The sudden seizure of the Bago river bridge easily allowed the 185th Infantry Regiment to land at Pulupandan unopposed, then they advanced rapidly, seizing seven more bridges in turn, and finally captured Bacolod the next day 30 March, mostly because the Japanese did not contest the beach landings; with the use of artillery, they could have inflicted numerous casualties. The 40th Division pushed farther inland and toward Talisay, where Japanese forces tried to disrupt its advance with delaying actions, but the Americans simply overwhelmed these, and on 2 April, the coastal plain of Negros was in Allied hands.

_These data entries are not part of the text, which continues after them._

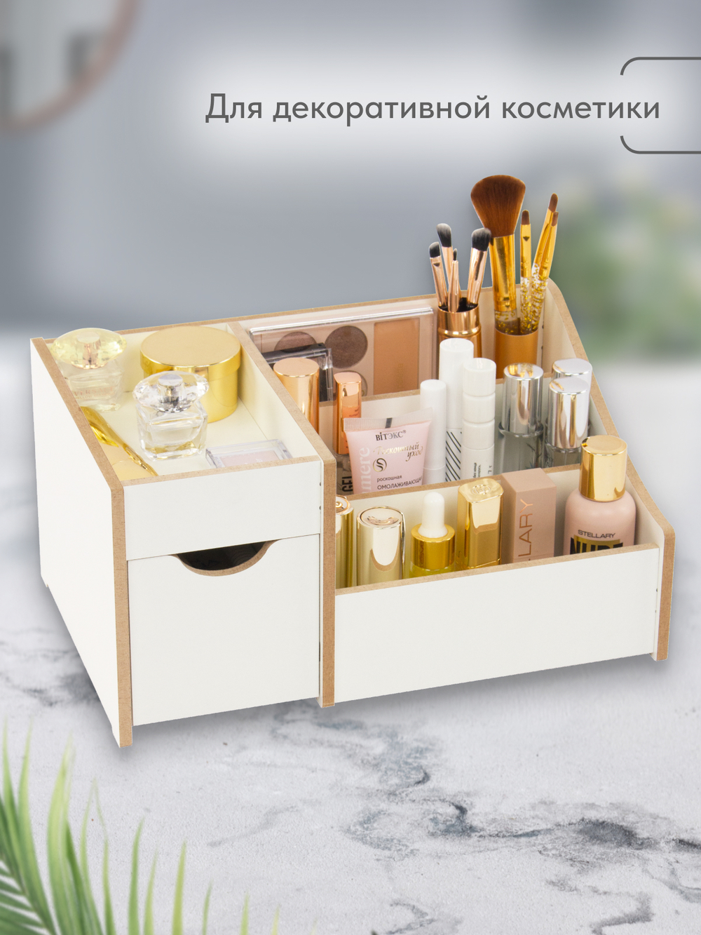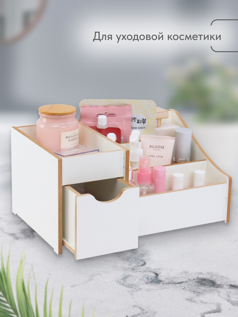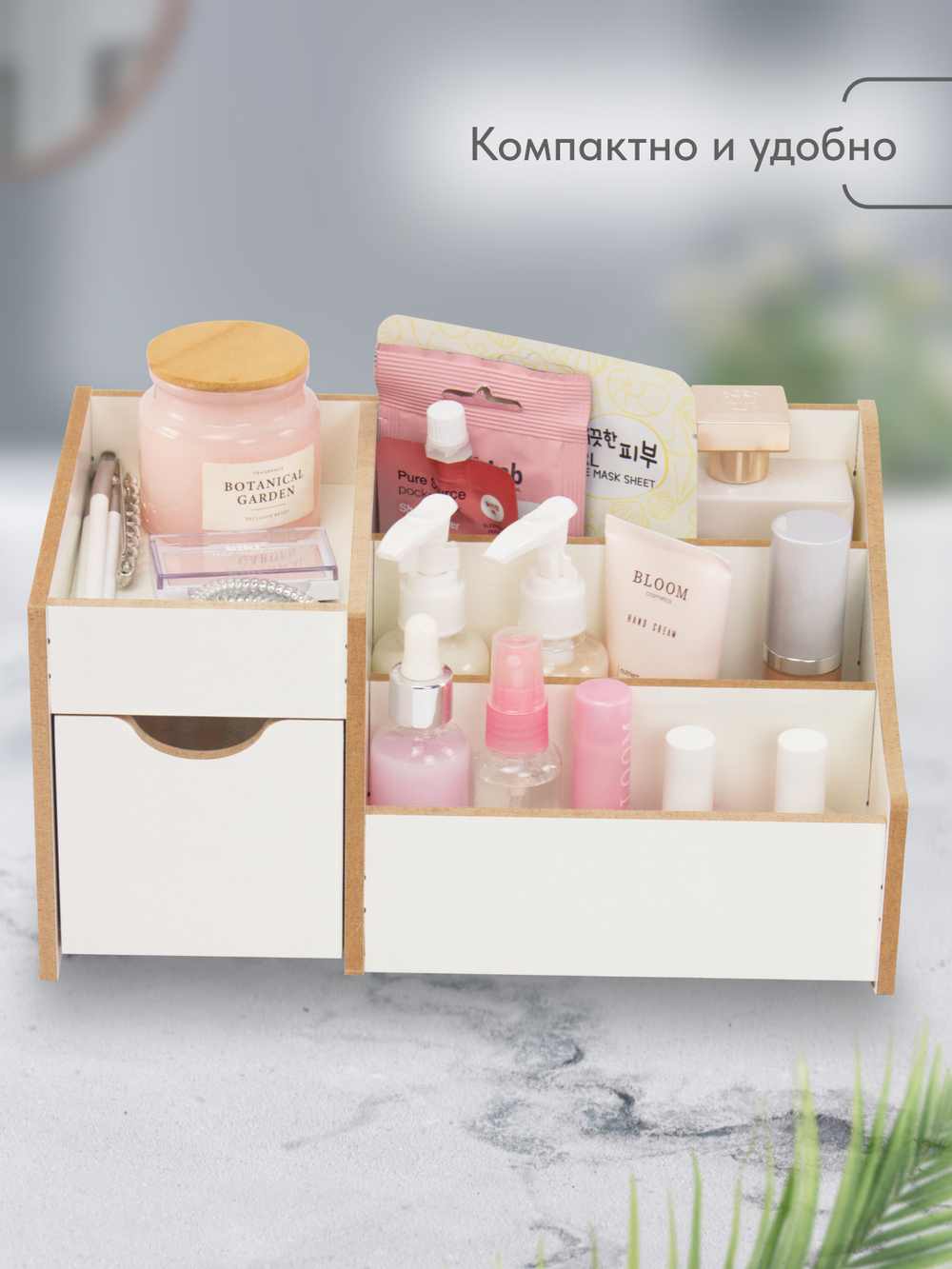 Органайзер для косметики настольный белый – идеальное решение для хранения кремов, духов, масок для лица, лаков для ногтей, помад и карандашей, декоративной косметики, расчесок, резинок, заколок. Можно использовать деревянный органайзер для комплексного ежедневного ухода за собой, ухода за волосами. А также можно превратить его в домашний салон для маникюра и педикюра, используя органайзер для лаков для ногтей и маникюрных принадлежностей.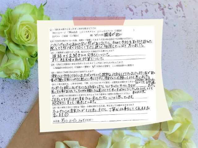予約を取りに店舗へ訪れた際の対応がとても感じが良く、ここで詳しくお話を聞きたいと思い相談に至りました。営業担当の方がとても誠実な対応をして下さる方で良かったです!愛知県東郷町/ギレン様邸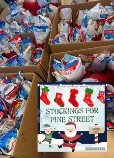 Supplies for those in need, awareness materials to educate and save lives, and of our annual Stockings for Pine Street project, which brings hope and dignity to individuals in recovery during the holidays.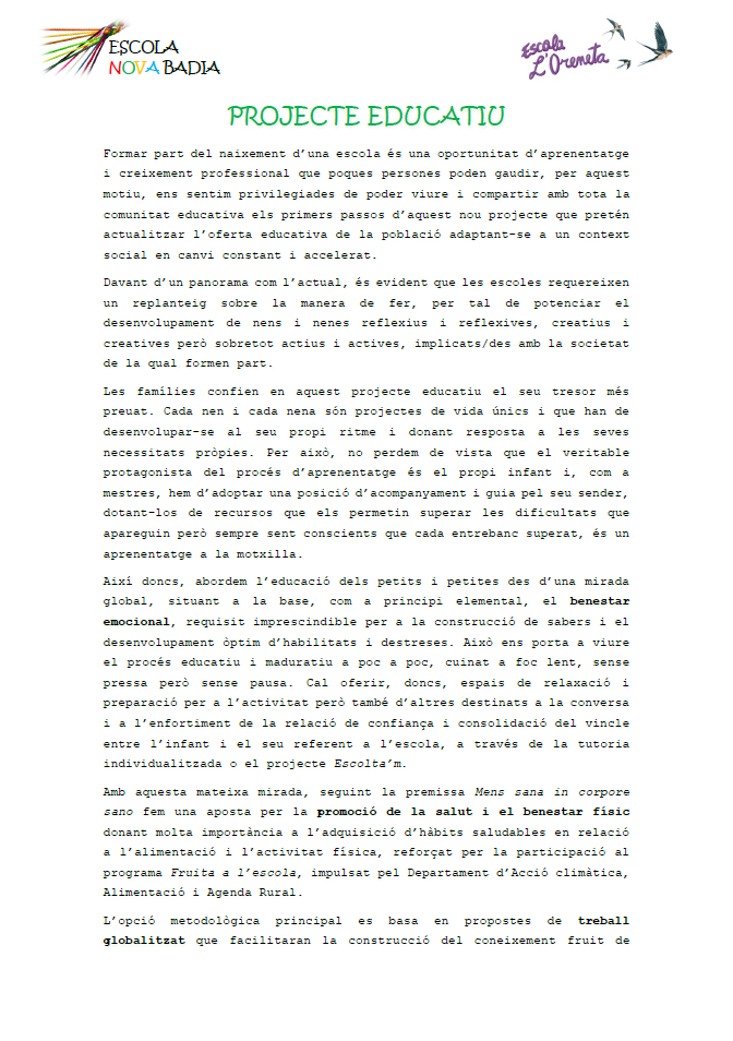 En aquests moments, que l’escola està començant a fer camí, volem construir un projecte compartit amb la comunitat educativa, fruit d’un procés de reflexió i debat de tots els sectors implicats i, és per això, que estem treballant en aquesta línia. Com a tastet, presentem les línies d’actuació que hem previst així com els trets d’identitat del centre sobre els quals establirem la base d’un projecte comú i que podeu consultar clicant sobre la imatge.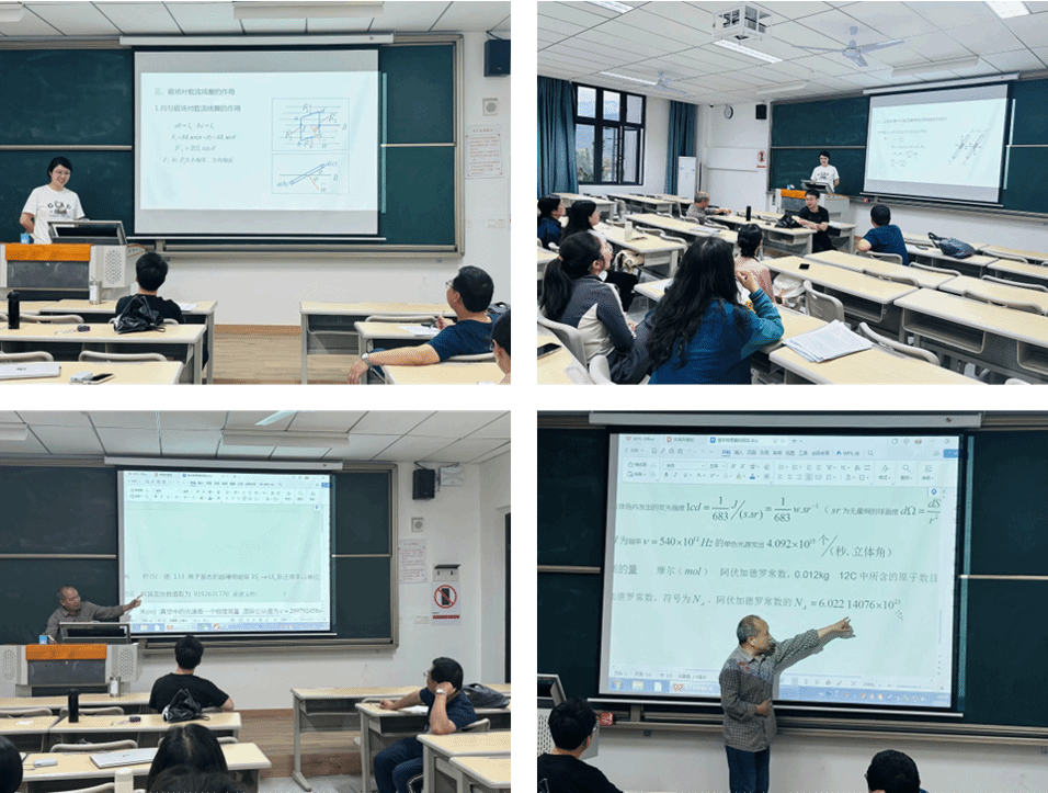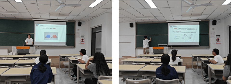2025年4月16日,首轮课程组磨课在行者楼102教室拉开帷幕。刘瑞娴老师以静电场和稳恒磁场的类比为切入点,试图巧妙引导学生从静电场中电荷所受库仑力的公式,推导出电流元在磁场中受到安培力的公式,帮助学生建立知识间的联系,激发学生对新知识的好奇心。在讲解过程中,刘老师深入分析通电直导线在磁场中的受力情况,并拓展至通电线圈在稳恒磁场中的受力分析。为增强知识的实用性,刘老师将通电线圈引申到生活中的风扇、电动机等应用实例,让学生深刻认识到物理知识在生活中的广泛应用。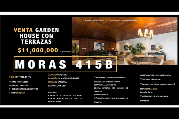 DepartamentoVenta$11,000,000 MXNVenta departamento en Moras, Col. Del Valle Sur, Benito Juárez, DF / CDMX, México, C.P. 03104, ID: 27053491 3 Recámaras 3 Baños 248 m2 Terraza Ascensor C. servicio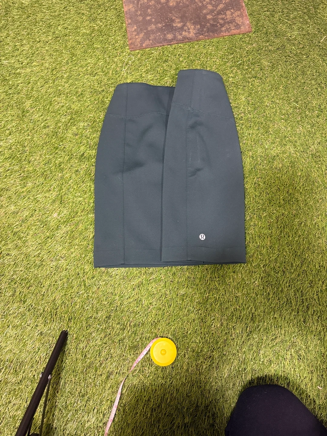 Selling a Lululemon skirt in size 6. It's a nice dark green colour. The material is 56% nylon and 44% spandex for the self, and 86% polyester and 14% spandex for the lining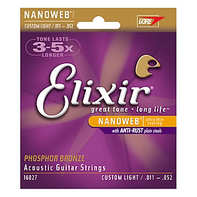 - Bộ Dây Đàn Guitar Acoustic Elixir 16027 được làm bằng dây thép bọc niken, phủ Nanoweb rất mỏng khiến người chơi thấy giống như đang chơi dây thông thường, kích cỡ 11- 52, loại Custom Light,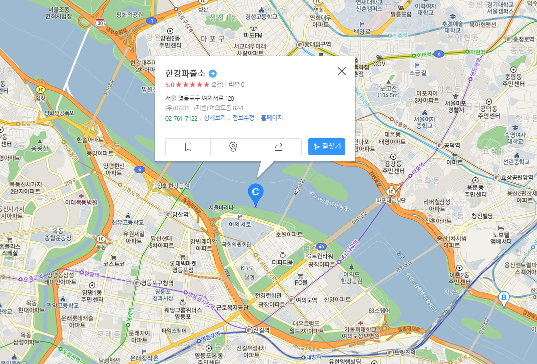 먼저, 제가 시험 본 시험장은 서울 여의도 앞에 있는 한강파출소입니다. 서울에 실기 시험 장소는 몇군데가 있지만, 필기 시험은 이곳에서만 볼 수 있습니다.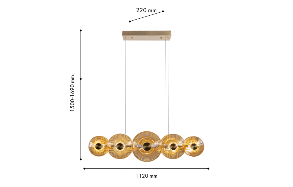 Непревзойденная модель 4571-10P от немецкой компании Favourite относится к коллекции Whirlpool и отлично подойдет для установки на потолок кухни, оформленной в стиле модерн. Подвесной светодиодный светильник Favourite Whirlpool 4571-10P с круглыми плафонами осветит помещение площадью 10 кв. м. Осветительный элемент встроен в конструкцию и не требует приобретения дополнительных лампочек. Прибор произведен с использованием материалов: стекло и металл и может использоваться для натяжного потолка. Основным цветом товара является желтый, латунный и янтарный.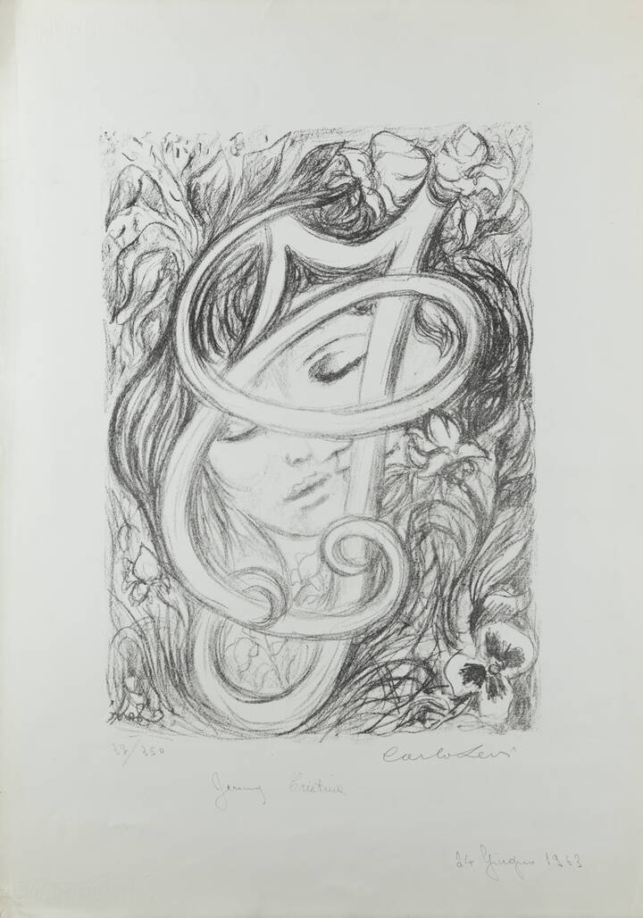 Litografia disegnata da Carlo Levi in occasione delle nozze Mostyn Orengo (scritta al retro a stampa)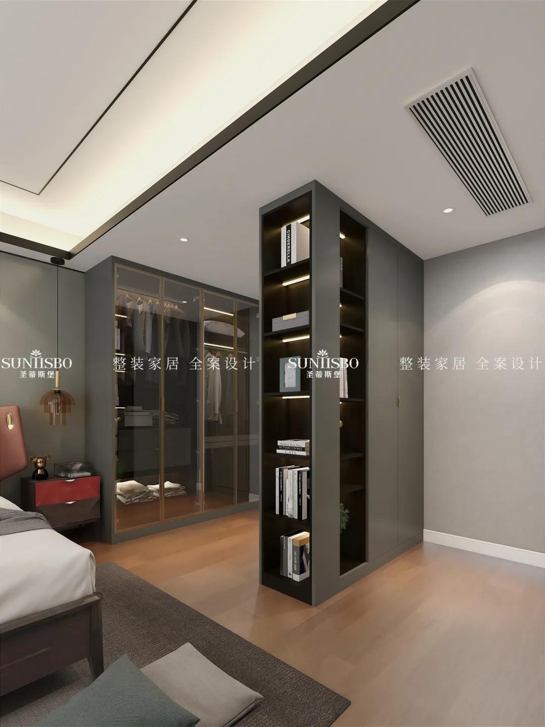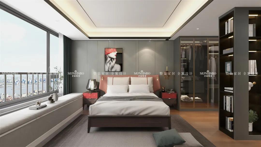 主臥的床是意式輕奢時尚與東方雅韻極致融合,沒有半點突兀和乖張。,意大利最出名的便是它的工藝與設(shè)計,時尚的莫蘭迪色系、輕奢金屬的運用,體現(xiàn)嫻熟的意式家具設(shè)計底蘊(yùn),兩者之間融合的相得益彰。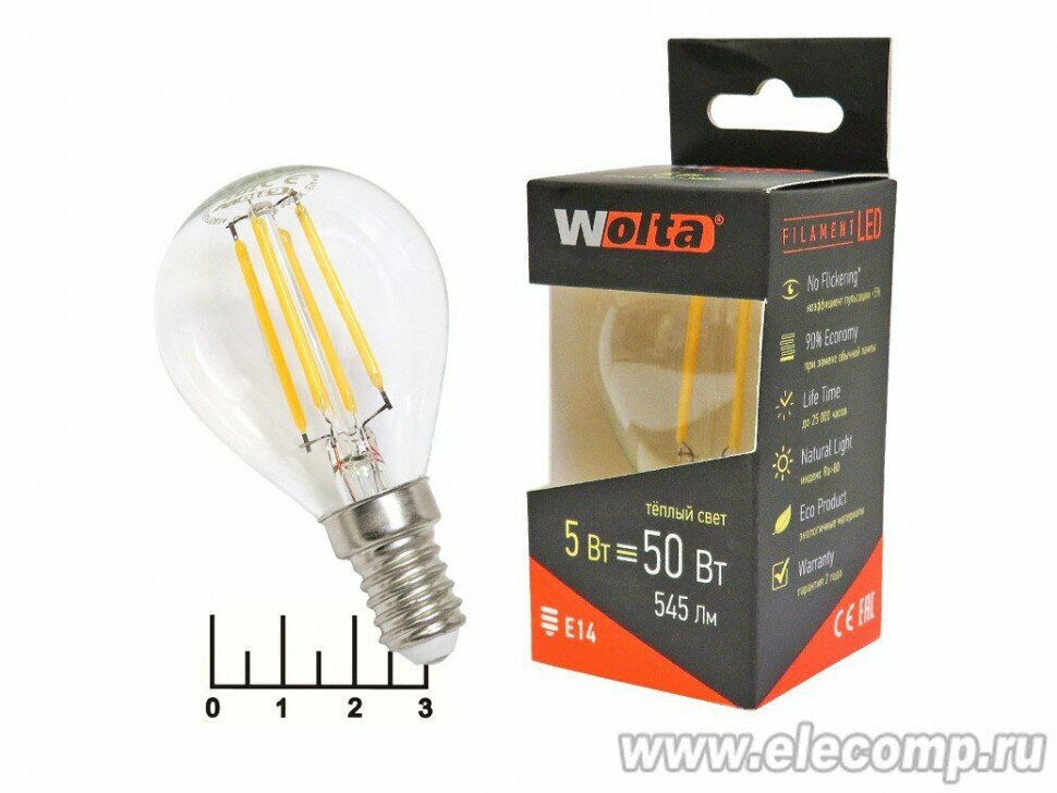 Лампа светодиодная 220V 5W E14 3000K белый теплый шар G45 прозрачная филаментная Wolta (45*74) интересное: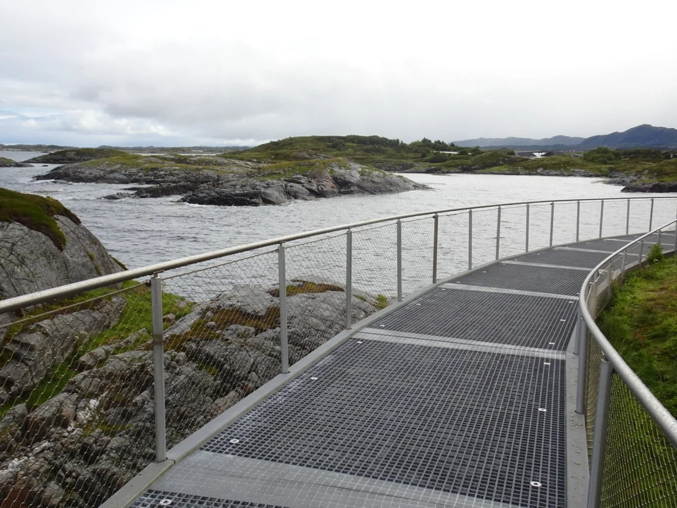 We’d not been driving for long before we were approaching the Storseisundert Bridge, the landmark bridge along the route and the one which reminded us so clearly of the Via Cantabrica in Spain. Here was a viewing spot, a place to park and to get out and see what it was all about. So that’s what we did.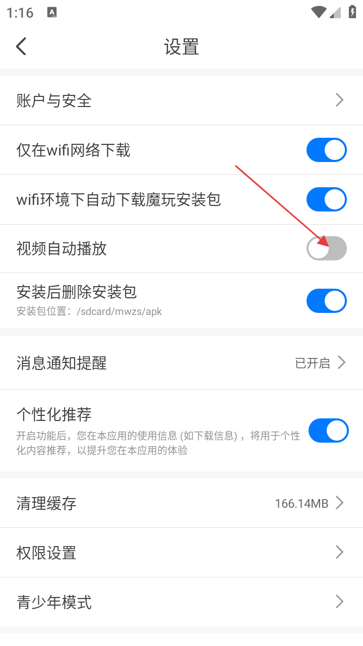 3、在设置页面,若要开启视频自动播放功能,点击【视频自动播放】右侧开关,开启该功能。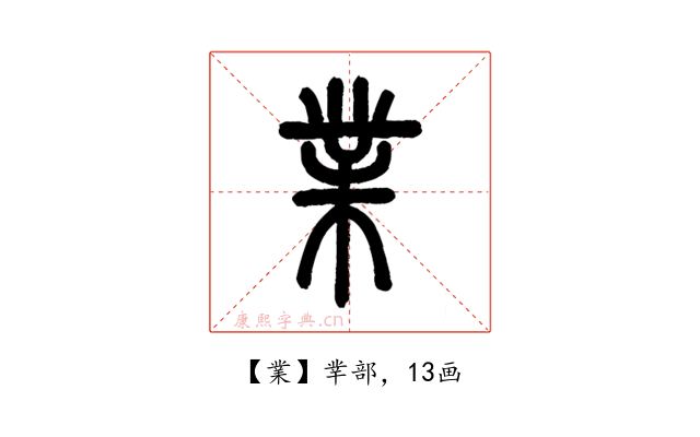 业,乐器架子上方横木上的大版。是用来装饰支架、悬挂钟鼓的大版。大版形状参差不齐像锯齿,并用白色颜料涂画。大版和所悬钟鼓之间,参差错落又相互承接。字形采用“丵、巾”会义。“巾”像版形。《诗经》有诗句唱道:“大版系在柏木上。” ,这是古文写法的“业”。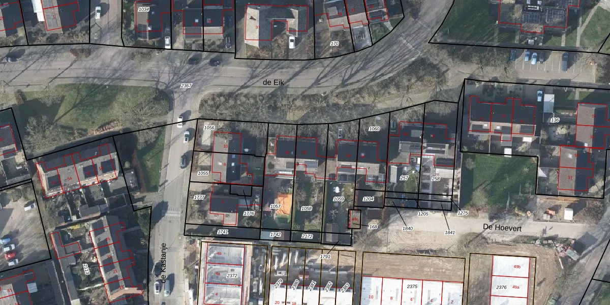 Het perceel waarop de Eik 62 staat heeft een oppervlakte van 358 m². Dit is een groot perceel. De perceeloppervlakte wordt geregistreerd door het Kadaster. Gedetailleerde informatie over de maten van dit perceel kunt u vinden in het rapport Kadastrale kaart met maatvoering van de Eik 62.

On 9 April, all three regiments of the 40th Division pushed east into the rugged, mountainous interior of the island. The Japanese resisted stubbornly, aided by booby-trapped terrain, defended their fortified positions by day, and conducted harassing attacks at night. Soon, the 40th Division started using small infiltrating units to creep past tank traps and minefields, then scrambled uphill across open fields of fire to attack Japanese positions. On 23 May, at Hacienda San Jose, San Carlos, Medal of Honor awardee, Staff Sergeant John C. Sjogren of Company I, 160th Infantry, led one such attack on a ridgetop entrenchment, and despite being wounded by gunfire, had accounted for some forty-three Japanese casualties, destroyed nine pillboxes, as he cleared the way for his comrades to follow. Sjorgen's unit, Company I, subsequently received a Presidential Unit Citation for its heroic action.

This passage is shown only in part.